The agent will then output executable shell commands.

Ollama Integration

IssueDB includes native Ollama integration for natural language commands.

Setup:

  1. Install Ollama: https://ollama.ai

  2. Pull a model: ollama pull llama3.2

  3. Use the --ollama flag

Usage:

# Natural language commands
issuedb-cli --ollama "create a high priority bug about login issues"
issuedb-cli --ollama "show me all open critical issues"
issuedb-cli --ollama "close issue 5 with a comment saying it's fixed"

Configuration:

Environment variables:

export OLLAMA_MODEL=llama3.2
export OLLAMA_HOST=localhost
export OLLAMA_PORT=11434

Or command-line options:

issuedb-cli --ollama "create an issue" --ollama-model codellama --ollama-host 192.168.1.100 --ollama-port 11434

JSON Output for Automation

All commands support --json for machine-readable output:

# List issues as JSON
issuedb-cli --json list

# Create issue and get JSON response
issuedb-cli --json create -t "New issue" --priority high

# Get structured data for processing
issuedb-cli --json summary

Parsing JSON in scripts:

# Using jq
OPEN_COUNT=$(issuedb-cli --json summary | jq '.by_status.open.count')

# Using Python
python -c "
import json, subprocess
result = subprocess.run(['issuedb-cli', '--json', 'list'], capture_output=True, text=True)
issues = json.loads(result.stdout)
print(f'Found {len(issues)} issues')
"

Agent Command Patterns

Common patterns for LLM agents:

Creating Issues

# Basic creation
issuedb-cli create -t "Fix bug in login" --priority high

# With description
issuedb-cli create -t "Add dark mode" -d "Users want a dark theme option" --priority medium

Querying Issues

# Get next issue to work on
issuedb-cli --json get-next

# Get the last issue fetched (useful for context continuity)
issuedb-cli --json get-last

# Get last 5 fetched issues
issuedb-cli --json get-last -n 5

# Search for specific issues
issuedb-cli --json search -k "authentication"

# Get summary
issuedb-cli --json summary

Updating Issues

# Update status
issuedb-cli update 1 -s in-progress

# Close with comment
issuedb-cli update 1 -s closed && issuedb-cli comment 1 -t "Fixed in PR #123"

Bulk Operations

# Bulk create from JSON
echo '[{"title": "Issue 1"}, {"title": "Issue 2"}]' | issuedb-cli --json bulk-create

# Bulk close
echo '[1, 2, 3]' | issuedb-cli --json bulk-close

Example: Claude Code Integration

When using IssueDB with Claude Code or similar assistants:

System prompt addition:

You can manage project issues using the issuedb-cli tool.

Key commands:
- issuedb-cli create -t "TITLE" [--priority PRIORITY]
- issuedb-cli list [--status STATUS]
- issuedb-cli update ID -s STATUS
- issuedb-cli comment ID -t "COMMENT"
- issuedb-cli --json COMMAND (for machine-readable output)

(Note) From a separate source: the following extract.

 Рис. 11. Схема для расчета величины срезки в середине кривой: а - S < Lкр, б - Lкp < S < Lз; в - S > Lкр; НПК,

Always use --json for output you need to parse.
Priorities: low, medium, high, critical
Statuses: open, in-progress, closed

Example interaction:

User: Create an issue for the login bug we discussed

Agent: I'll create a high-priority issue for the login bug.

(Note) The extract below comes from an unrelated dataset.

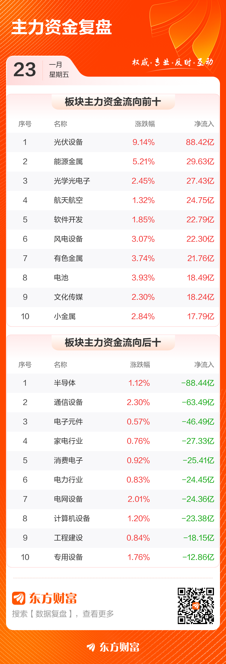 1月23日,沪指涨0.33%,深成指涨0.79%,创业板指涨0.63%。两市成交额3.09万亿,较上个交易日放量3935亿。数据显示,今日大盘主力资金净流出224.99亿。光伏设备、能源金属、光学光电子等板块主力资金流入排名居前,其中光伏设备净流入88.42亿元。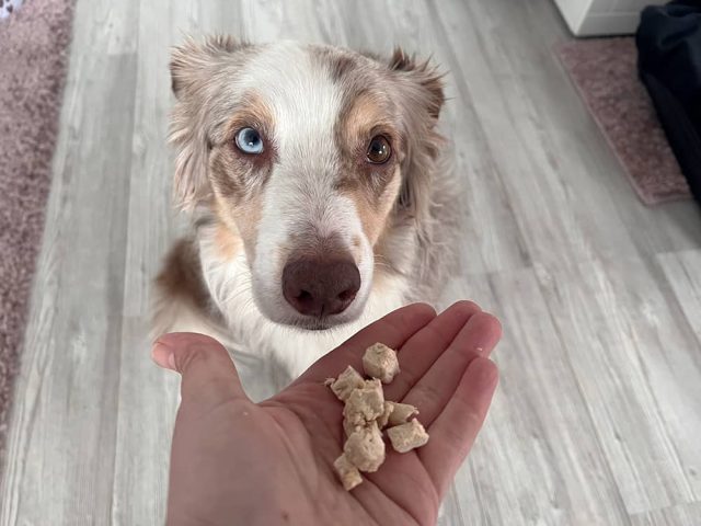 Unsere Hunde lieben die Flocken und daher nutzen wir sie als Leckerli im Hundetraining gerne.

$ issuedb-cli --json create -t "Fix login bug with special characters" \
    -d "Users cannot log in when password contains special characters" \
    --priority high

Example: GitHub Actions

Using IssueDB in CI/CD:

name: Issue Management

on:
  workflow_dispatch:
    inputs:
      action:
        description: 'Action to perform'
        required: true
        type: choice
        options:
          - create
          - close-completed

jobs:
  manage-issues:
    runs-on: ubuntu-latest
    steps:
      - uses: actions/checkout@v4

      - name: Set up Python
        uses: actions/setup-python@v4
        with:
          python-version: '3.11'

      - name: Install IssueDB
        run: pip install issuedb

      - name: Create Issue
        if: github.event.inputs.action == 'create'
        run: |
          issuedb-cli create -t "Automated issue from CI" \
            -d "Created by GitHub Actions" \
            --priority medium

      - name: Close Completed Issues
        if: github.event.inputs.action == 'close-completed'
        run: |
          issuedb-cli bulk-update --filter-status in-progress -s closed

Example: Python Script Integration

Using IssueDB from Python:

import json
import subprocess
from typing import List, Dict, Any

def run_issuedb(args: List[str]) -> Dict[str, Any]:
    """Run issuedb-cli command and return JSON result."""
    result = subprocess.run(
        ['issuedb-cli', '--json'] + args,
        capture_output=True,
        text=True,
        check=True
    )
    return json.loads(result.stdout)

def create_issue(title: str, priority: str = 'medium', description: str = None) -> Dict:
    """Create a new issue."""
    args = ['create', '-t', title, '--priority', priority]
    if description:
        args.extend(['-d', description])
    return run_issuedb(args)

def get_open_issues() -> List[Dict]:
    """Get all open issues."""
    return run_issuedb(['list', '-s', 'open'])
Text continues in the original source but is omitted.